Passionné par les avions de chasse et malgré une scolarité plutôt difficile, Noël Schaeffer tente les concours pour devenir pilote de chasse. Ce dernier essuie son échec en décidant de se mettre au travail, sans diplôme. Il débute donc à 15 ans au poste de magasinier, poste se situant à l’échelon le plus bas d’une entreprise de transport international. Animé par l’envie d’apprendre et de monter rapidement, Noël effectue tout d’abord ses obligations nationales en réalisant son service militaire en Allemagne (Division blindée).

 

De retour en France, il retrouve du travail dans l’entreprise de transport de ses débuts qui venait de remporter un contrat avec Alstom pour la construction du métro à Caracas. A 23 ans, Noël part donc 4 ans et demi au Venezuela en tant que responsable de la vérification et du déchargement des marchandises.

Puis, Noël est envoyé en mission pour un nouveau projet au Chili pour une durée de 1 an pour régler les problèmes dans différentes régions du pays (Santiago, Antofogasta). Un rapide passage en Bolivie et Noël découvre pour la première fois l’Equateur en décembre 1987. Le contrat est instauré pour une durée de trois ans afin de mettre en place un bureau de représentation ainsi que de former du personnel équatorien. Cependant, l’expérience tourne au fiasco puisqu’une entreprise anglaise décide en rachetant l’entreprise de fermer le bureau de Quito. Les employés n’apprécient pas la tournure des évènements et placent le chantage au centre des négociations. Noël passera même une journée en prison et s’exilera quelques semaines au Venezuela afin de laisser passer la tempête.
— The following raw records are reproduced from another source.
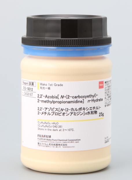 本產(chǎn)品為水溶性偶氮聚合引發(fā)劑。別名:偶氮二羧乙基-2-異丁基脒水合物。2,2'-Azobis[N-(2-carboxyethyl)-2-methylpropionamidine] n-Hydrate(引用文獻(xiàn):和光純藥情報(bào))
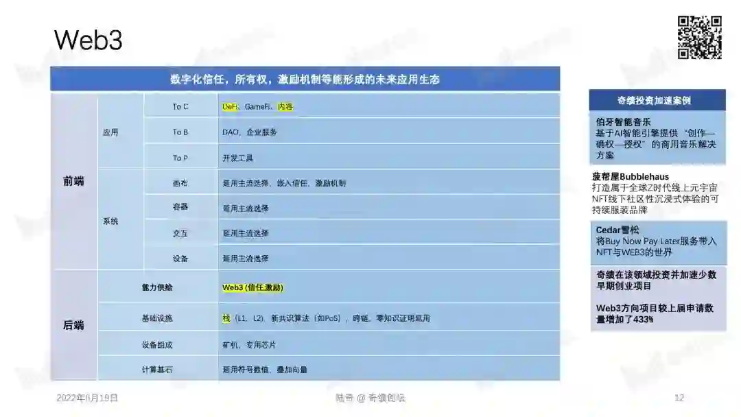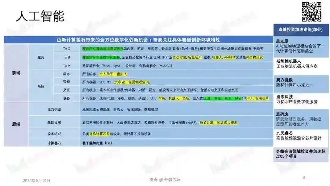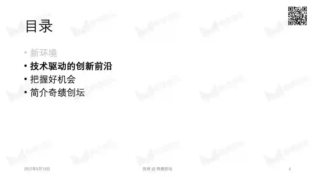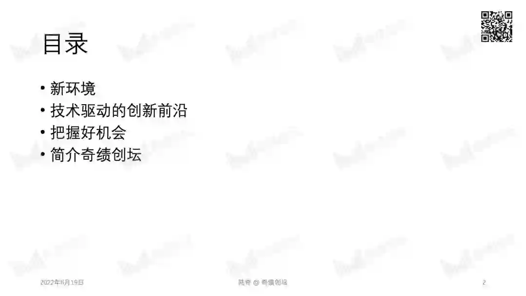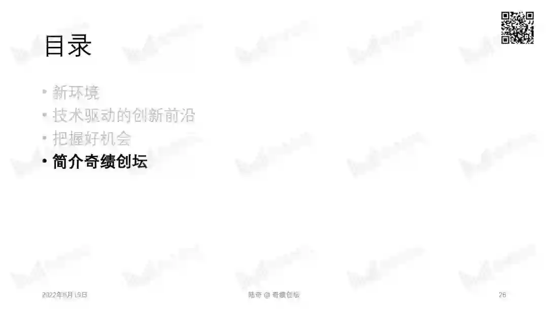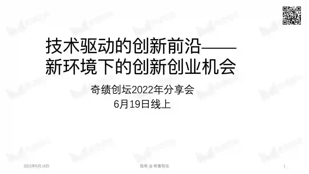 2022 年 10 月 29 日,奇绩创坛将在北京中关村举办年度分享活动。奇绩创坛创始人兼 CEO 陆奇博士将分享 2022 年前沿科技创新创业趋势,分享奇绩从 30000+ 份创业者的申请表里看到的科技创新地图,以及奇绩加速 250+ 科技初创公司后总结的经验。
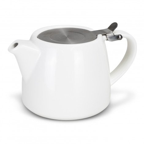 490ml glossy stoneware teapot with a stainless steel flip lid and removable tea infuser. This versatile teapot is perfect for hospitality and is presented in a white gift box.
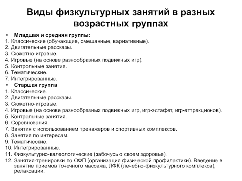 Слайд 12Виды физкультурных занятий в разных возрастных группах
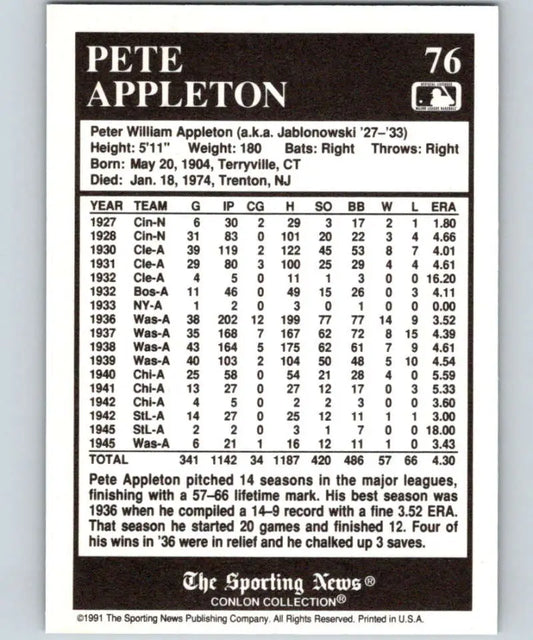 1991 Conlon Collection #76 Pete Appleton EX Excellent Washington Senators Baseball Card
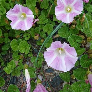大阪りんくうタウンのマーブルビーチで夕方撮影。 薄いピンクで朝顔に似ています。ビーチの上を這うように、たくさん咲いていました。
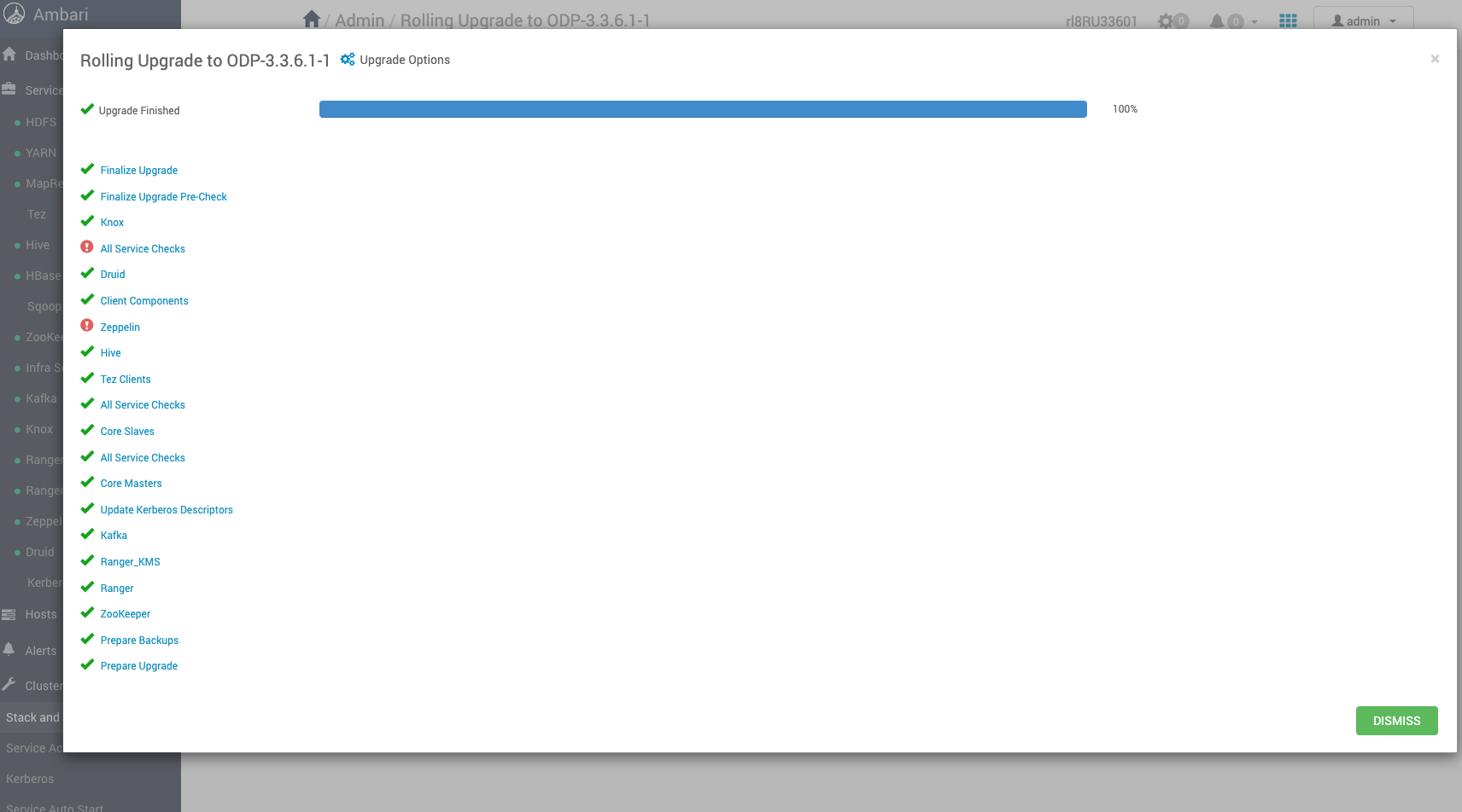 The screenshot below confirms the successful completion of the express upgrade to ODP version 3.3.6.1-1.
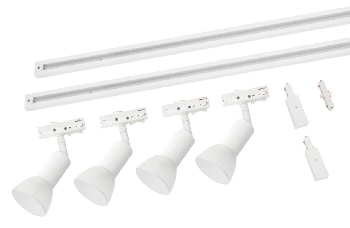 DUOline set VETRO COB med 4st vita armaturer med frostad glaskupa på vardera 5 W LED inbyggd ljuskälla, 430lm, 3000K, optik 30 grader samt dimbara. Inklusive 2x1m skena koplett med anslutningsdon, täcklock, ändlock och skarv. Passar endast DUOline skenan.
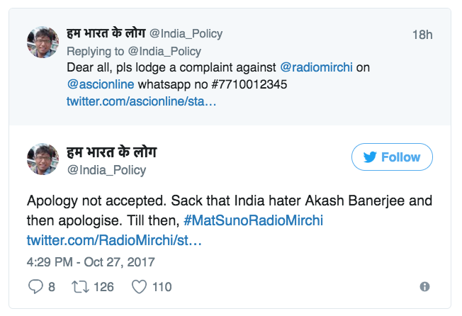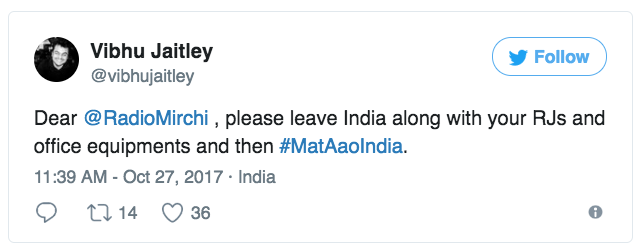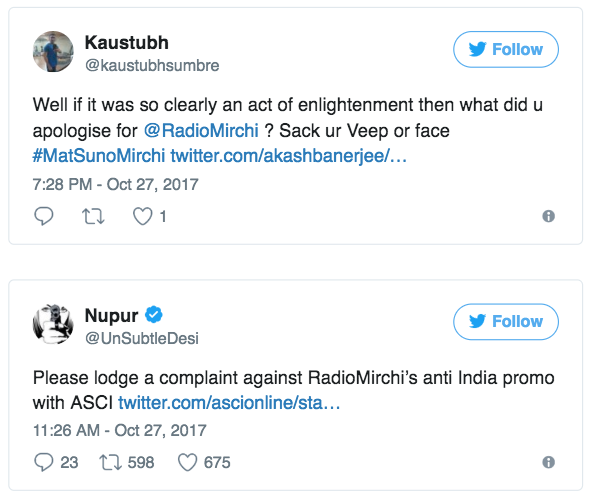 Soon after Akash Banerjee, the radio station's vice president and regional programming head, tweeted the promo onThursday night, right-wing and 'nationalist' Twitter handles started targeting him for spearheading an "anti-India campaign", lodged complaints with the information and broadcasting ministry and the Advertising Standards Council of India (ASCI) and demanded that the Times Group either sack Banerjee or be prepared for a boycott of the radio station.

Peu enclin à se laisser abattre, il reviendra sans emploi à Quito en 1988 afin de créer sa première entreprise en tentant le pari dans l’importation de produits français pour le secteur de l’optique. Le projet semble solide et toutes les économies y passent afin de faciliter le décollage. Cependant, la réussite n’est pas au bout. Le manque d’expérience dans ce domaine est flagrant et Noël fermera son entreprise 6 mois plus tard en ayant réellement tout perdu, mais c’est sans compter sur sa volonté indéniable…

Un mariage et quelques années en tant qu’employé, Noël se lance un nouveau défi avec la création de Fret International en novembre 2004.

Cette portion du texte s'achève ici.